• Work instructions: In the records that follow, the lines from the one containing "亮光岩板+免漆板+高碳素钢脚 图片色 1.3米茶几¥1631" to the one containing "KAILAS凯乐石 户外运动 来古羽绒服 KG2443122【Z】", inclusive, are to be given again exactly.

• Data for this task:
______

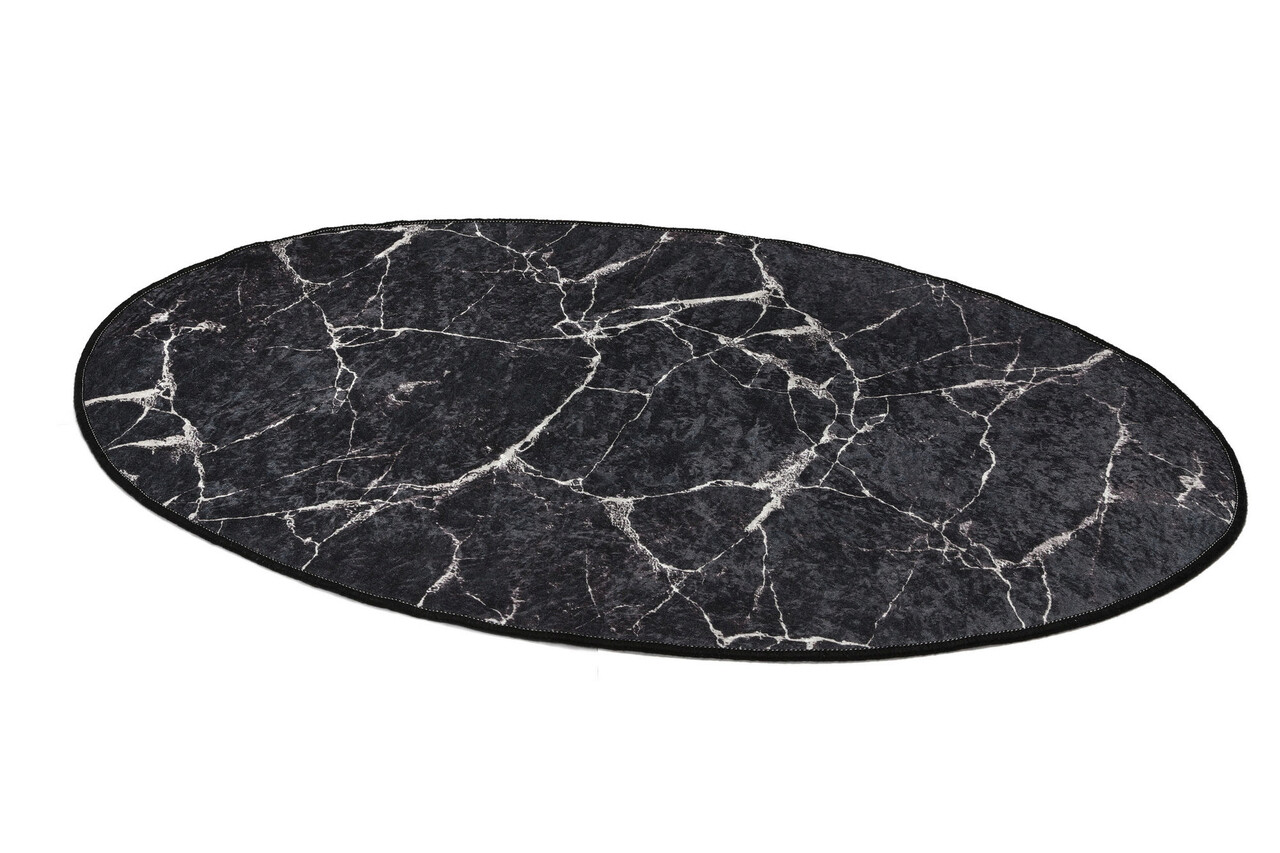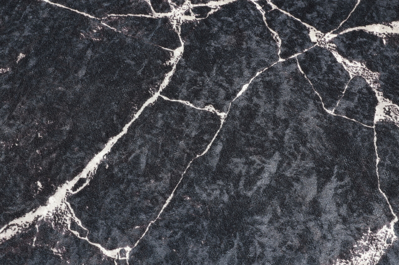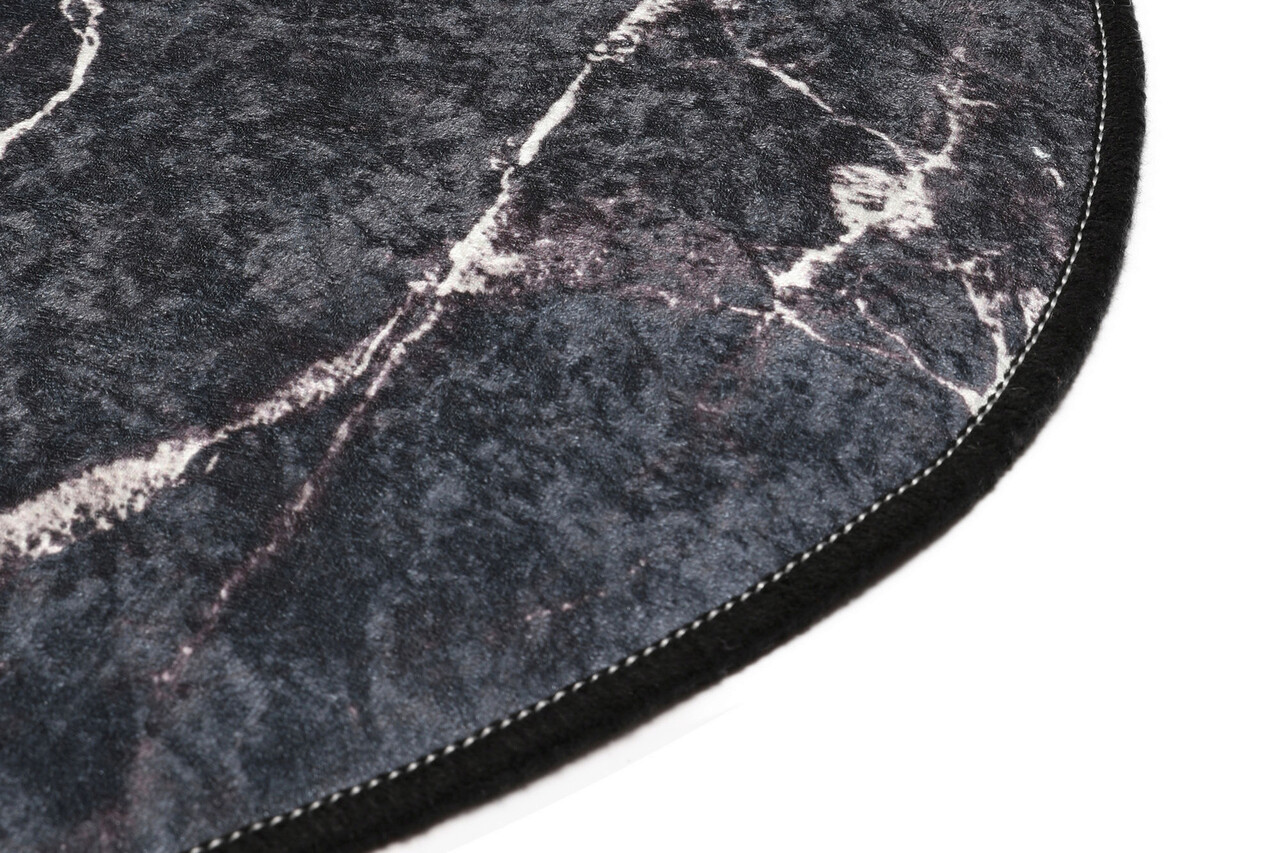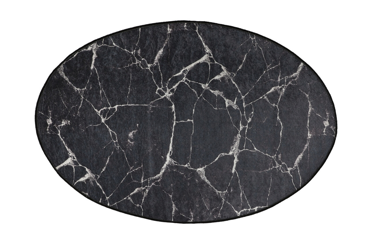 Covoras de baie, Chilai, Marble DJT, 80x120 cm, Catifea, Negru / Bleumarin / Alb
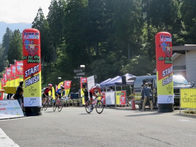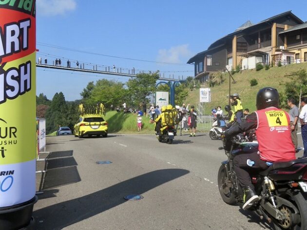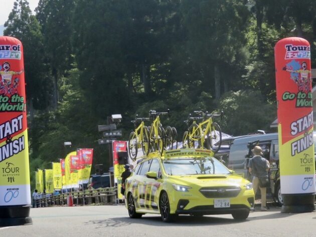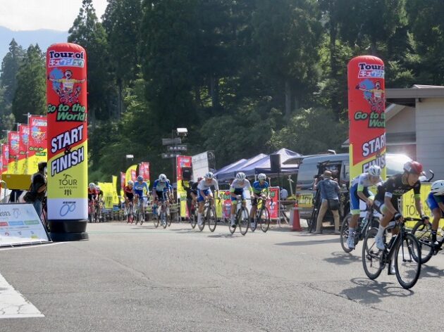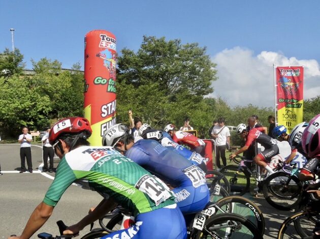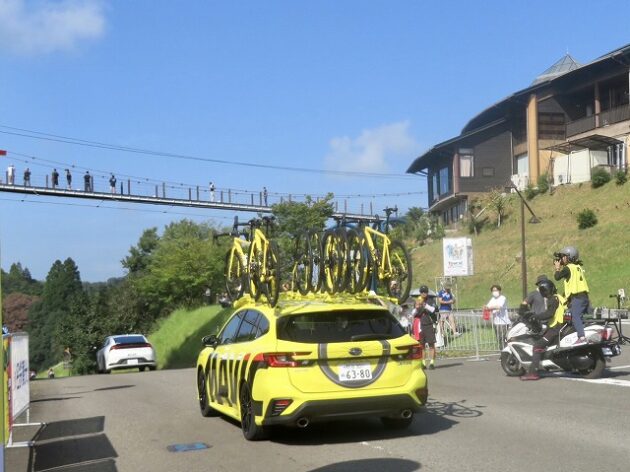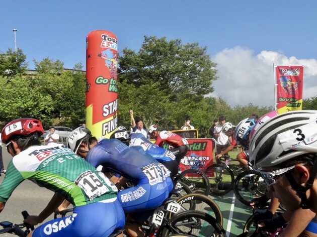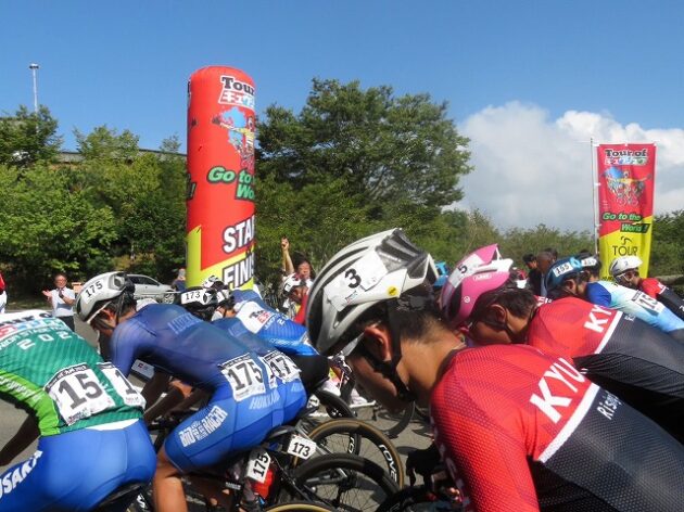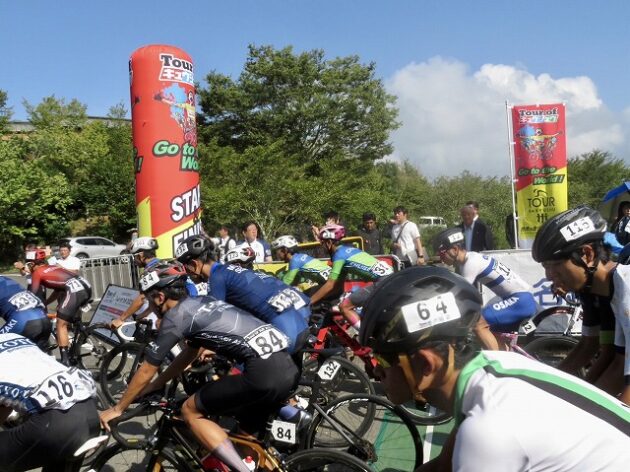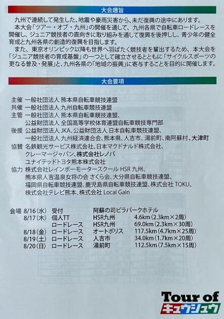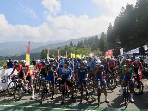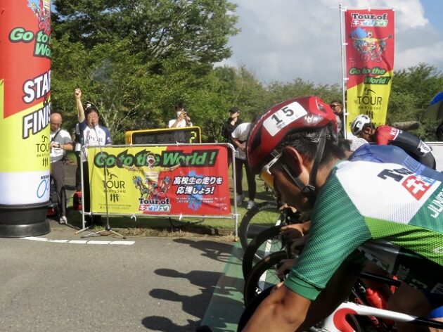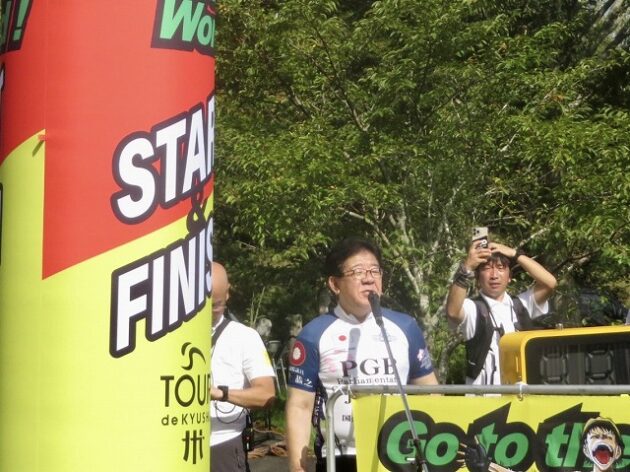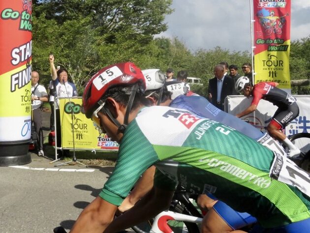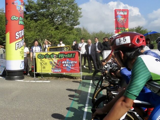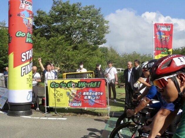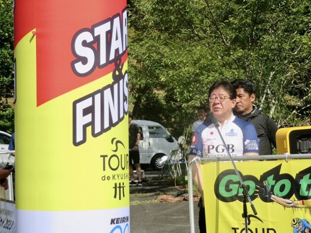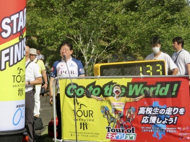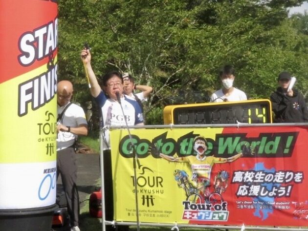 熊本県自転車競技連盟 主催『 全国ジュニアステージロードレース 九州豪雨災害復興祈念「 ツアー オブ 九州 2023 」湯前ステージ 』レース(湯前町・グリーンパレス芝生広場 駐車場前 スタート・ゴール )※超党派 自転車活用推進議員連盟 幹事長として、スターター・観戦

______

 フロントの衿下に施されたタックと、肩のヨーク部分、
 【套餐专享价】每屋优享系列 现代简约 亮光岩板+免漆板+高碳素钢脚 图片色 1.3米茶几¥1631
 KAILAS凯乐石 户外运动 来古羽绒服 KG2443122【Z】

______

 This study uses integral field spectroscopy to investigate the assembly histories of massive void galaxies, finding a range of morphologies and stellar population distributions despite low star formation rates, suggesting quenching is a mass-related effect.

______

• Completed task:
 【套餐专享价】每屋优享系列 现代简约 亮光岩板+免漆板+高碳素钢脚 图片色 1.3米茶几¥1631
 KAILAS凯乐石 户外运动 来古羽绒服 KG2443122【Z】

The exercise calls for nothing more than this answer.